- [Exercise input]:
########################################
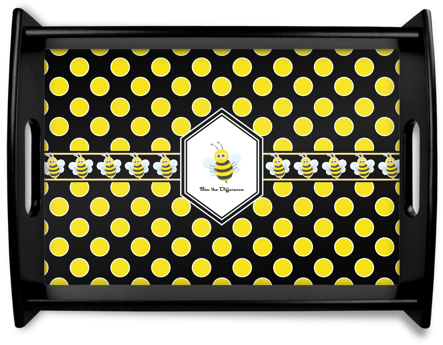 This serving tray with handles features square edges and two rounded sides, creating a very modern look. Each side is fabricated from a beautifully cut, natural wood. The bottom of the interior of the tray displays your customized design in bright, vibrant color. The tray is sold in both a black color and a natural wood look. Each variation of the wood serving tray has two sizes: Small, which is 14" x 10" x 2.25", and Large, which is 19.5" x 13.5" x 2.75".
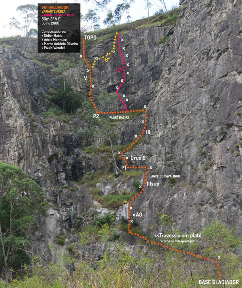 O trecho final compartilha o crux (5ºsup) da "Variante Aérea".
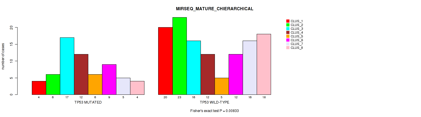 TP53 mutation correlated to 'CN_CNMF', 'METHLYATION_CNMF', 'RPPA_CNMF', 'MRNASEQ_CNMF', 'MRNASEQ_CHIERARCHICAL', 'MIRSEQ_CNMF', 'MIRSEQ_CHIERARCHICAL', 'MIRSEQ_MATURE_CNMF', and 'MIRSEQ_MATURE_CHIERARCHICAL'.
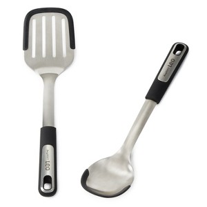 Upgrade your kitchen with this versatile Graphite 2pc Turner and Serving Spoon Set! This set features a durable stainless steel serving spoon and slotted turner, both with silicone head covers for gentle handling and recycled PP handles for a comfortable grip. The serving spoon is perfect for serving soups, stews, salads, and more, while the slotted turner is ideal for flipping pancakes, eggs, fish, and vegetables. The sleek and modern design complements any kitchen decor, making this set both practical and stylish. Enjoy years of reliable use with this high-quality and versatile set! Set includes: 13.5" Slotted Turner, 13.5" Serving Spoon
########################################
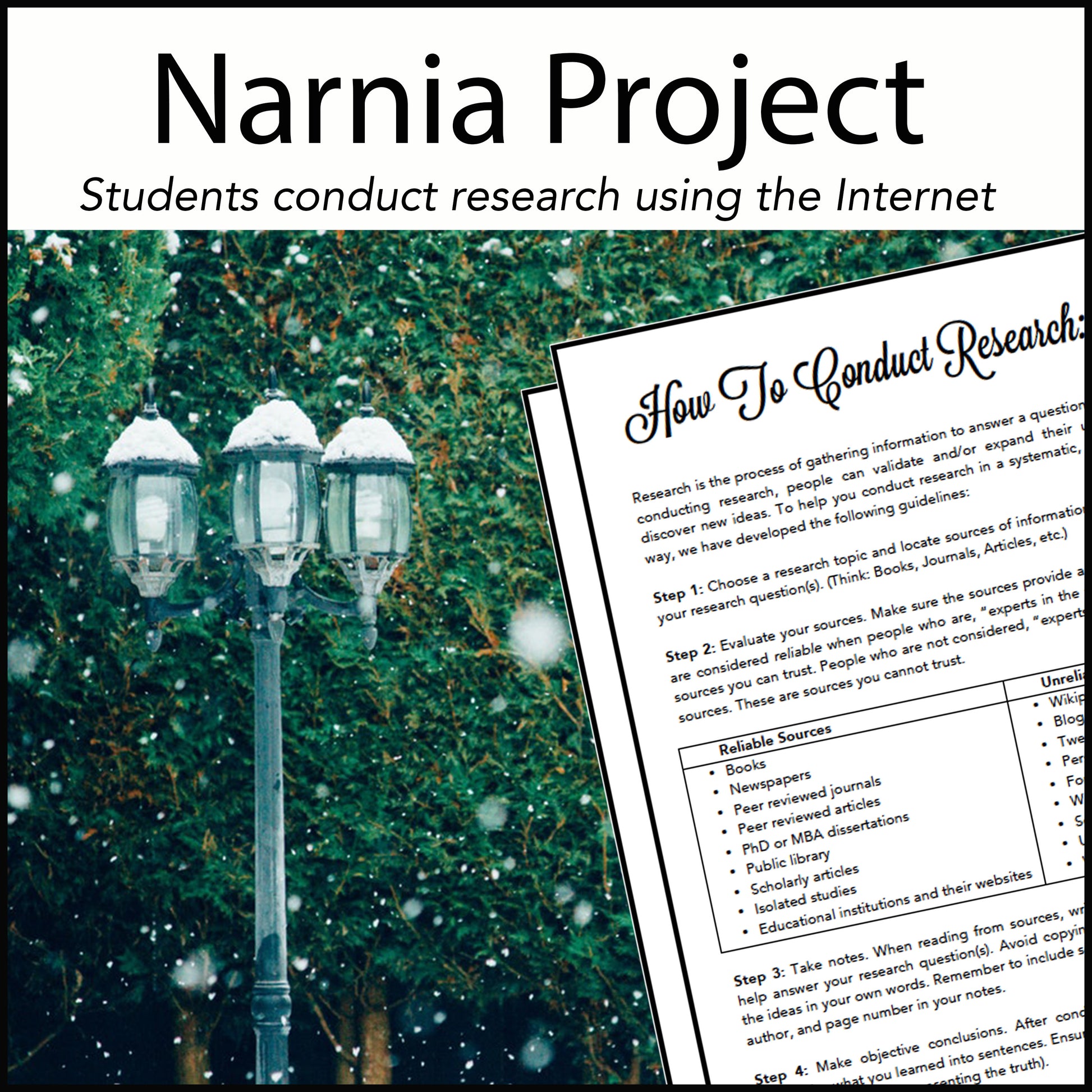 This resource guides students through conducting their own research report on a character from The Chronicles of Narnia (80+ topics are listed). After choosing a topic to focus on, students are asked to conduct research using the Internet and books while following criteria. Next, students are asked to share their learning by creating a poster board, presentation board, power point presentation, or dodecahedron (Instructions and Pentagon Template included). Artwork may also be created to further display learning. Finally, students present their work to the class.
########################################
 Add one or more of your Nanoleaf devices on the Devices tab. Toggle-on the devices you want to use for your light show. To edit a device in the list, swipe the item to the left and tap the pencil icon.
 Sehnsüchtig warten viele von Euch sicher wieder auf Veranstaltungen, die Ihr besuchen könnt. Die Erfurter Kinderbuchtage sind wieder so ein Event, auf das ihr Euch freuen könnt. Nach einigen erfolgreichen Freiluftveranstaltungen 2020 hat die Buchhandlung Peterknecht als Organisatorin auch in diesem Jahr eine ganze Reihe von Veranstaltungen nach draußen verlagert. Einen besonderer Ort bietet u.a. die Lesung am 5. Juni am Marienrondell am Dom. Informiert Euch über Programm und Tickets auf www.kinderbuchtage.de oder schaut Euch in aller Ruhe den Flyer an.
########################################
- [Work instruction]: Transcribe only the lines above that start at the line containing "O trecho final" and end at the line containing "TP53 mutation correlated". Omit pictures.

- [Finished exercise]:
 O trecho final compartilha o crux (5ºsup) da "Variante Aérea".
 TP53 mutation correlated to 'CN_CNMF', 'METHLYATION_CNMF', 'RPPA_CNMF', 'MRNASEQ_CNMF', 'MRNASEQ_CHIERARCHICAL', 'MIRSEQ_CNMF', 'MIRSEQ_CHIERARCHICAL', 'MIRSEQ_MATURE_CNMF', and 'MIRSEQ_MATURE_CHIERARCHICAL'.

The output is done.